女中庸瑪瑙箱 (おんなちゅうようめのうばこ)
【作者】植村玉枝子(内藤玉枝・晩香散人・清福斎)作。中村三近子書。漱石子・方国画。【年代】享保一五年(一七三〇)刊。[京都]植村藤次郎(伏見屋藤次郎・藤治郎・錦山堂・通書堂・玉枝軒)板。【分類】女子用。【概要】異称『女中庸』『〈日用重宝・頭書絵抄・増補教訓〉女中庸瑪瑙箱』ほか。大本一冊。跋文によれば、植村の叔父である渡辺氏が「賢き人の教訓、みぬ唐(もろこし)の書を探、漢文字(おとこもじ)に書」き綴ったものを植村が「和文字(おんなもじ)に和解(やわらげ)」たものが本書という。また巻末では、『女大学宝箱』†と『女中庸瑪瑙箱』の両書が「女子の心操(こころいれ)を直くするの明鏡」であると宣伝する。
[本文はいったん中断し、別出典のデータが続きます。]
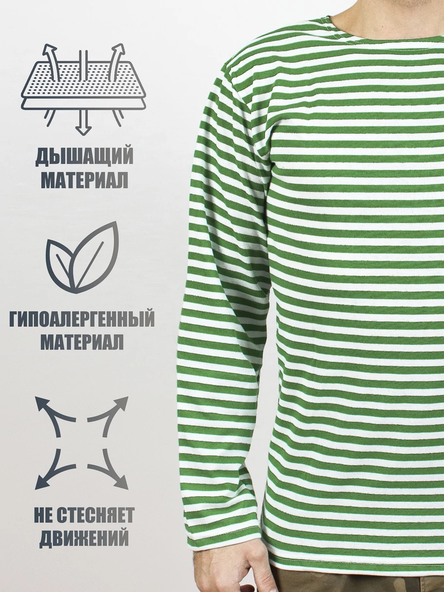 Тельняшка пограничника (зеленая полоса) из 100% хлопка. Описание зеленой тельняшки: Тельняшка пограничника сделана их 100% хлопка, она изготовлена в соответствии с ГОСТом МО РФ. Двухниточная вязка тельняшки с зелеными полосами обеспечивает одинаковый цвет и рисунок с внешней и внутренней стороны. Тельняшка в зеленую полоску изготовлена в отличном качестве и станет желанным подарком для пограничника.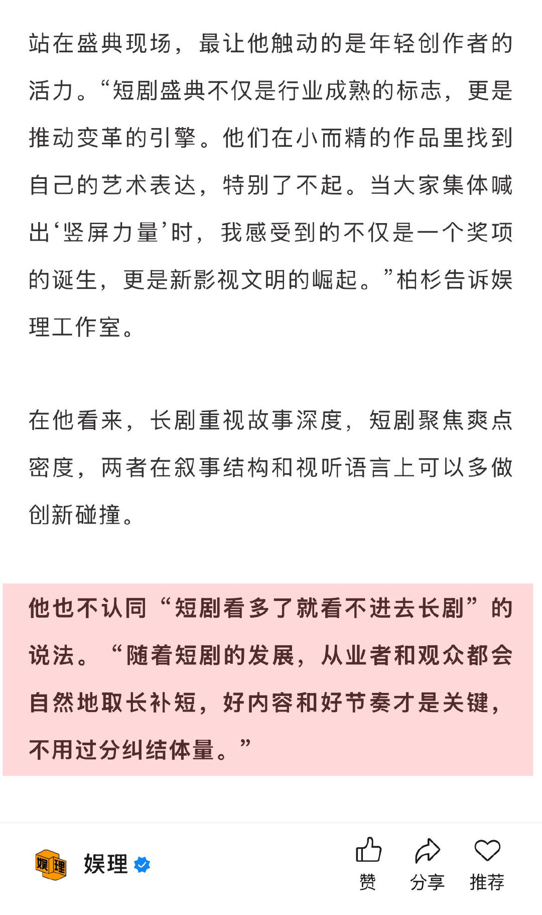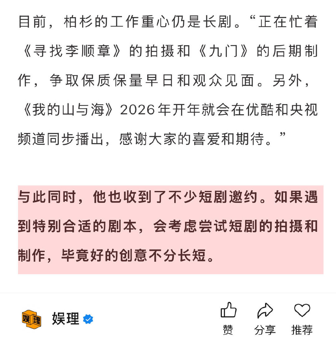 唐诡导演不认同短剧看多了就不看长剧 周星驰2022年就注意到了短剧 《唐朝诡事录》导演柏杉“正在忙着《寻找李顺章》的拍摄和《九门》的后期制作,争取保质保量早日和观众见面。另外,《我的山与海》2026年开年就会在优酷和央视频道同步播出,感谢大家的喜爱和期待。”与此同时,他也收到了不少短剧邀约。如果遇到特别合适的剧本,会考虑尝试短剧的拍摄和制作,毕竟好的创意不分长短…娱理独家↓

「一、夫、人の妻を親迎(むかふ)る事は、第一、我父母に我身と与(とも)に能(よく)つかへさせむか為也」で始まる第一条「舅姑への服従」以下、第二条「三従・貞節」、第三条「婦人の四徳(婦徳・婦言・婦容・婦功)」、第四条「継母・継子」、第五条「貞心一筋」、第六条「不邪淫・貞節」、第七条「婦人の務め」、第八条「堪忍」、第九条「忍耐・和順・慈愛」、第一〇条「下人を使う心得」までの条々を大字・五行・付訓で記す。巻頭に「百行教忍図」「女教誡諌歌」「修学寺八景図」「三十六人新歌仙図」「五節句和歌図」「五倫和歌図」、頭書に「唐土賢女鑑」「女教誡故事談」「産前重宝記」「産前養ひ草」「産前後禁好物」「女消息近道仮名遣」「香道秘事」「狂歌奇妙集」「七夕新名歌集」「女通用文字宝」「女中伝授嚢」等の多彩な記事を掲げる。後、明治四年(一八七一)に藤村秀賀校訂の改刻本(色刷り口絵を付し、前付等に異同あり)が出版されるまで数回に渡って再板されたほか、本文のみを抽出した『御家流女中庸』『女中庸宝文庫』『女中庸教訓鏡』など比較的多くの板種を生んだ。
★『女中庸瑪瑙箱』は享保15年初刊本から明治初期にいたるまで数度にわたって刊行されたもので、市場にもよく見られるが、享保15年板は極めて少なく、個人以外の所蔵機関は東京大学総合図書館の岡村文庫本が唯一である。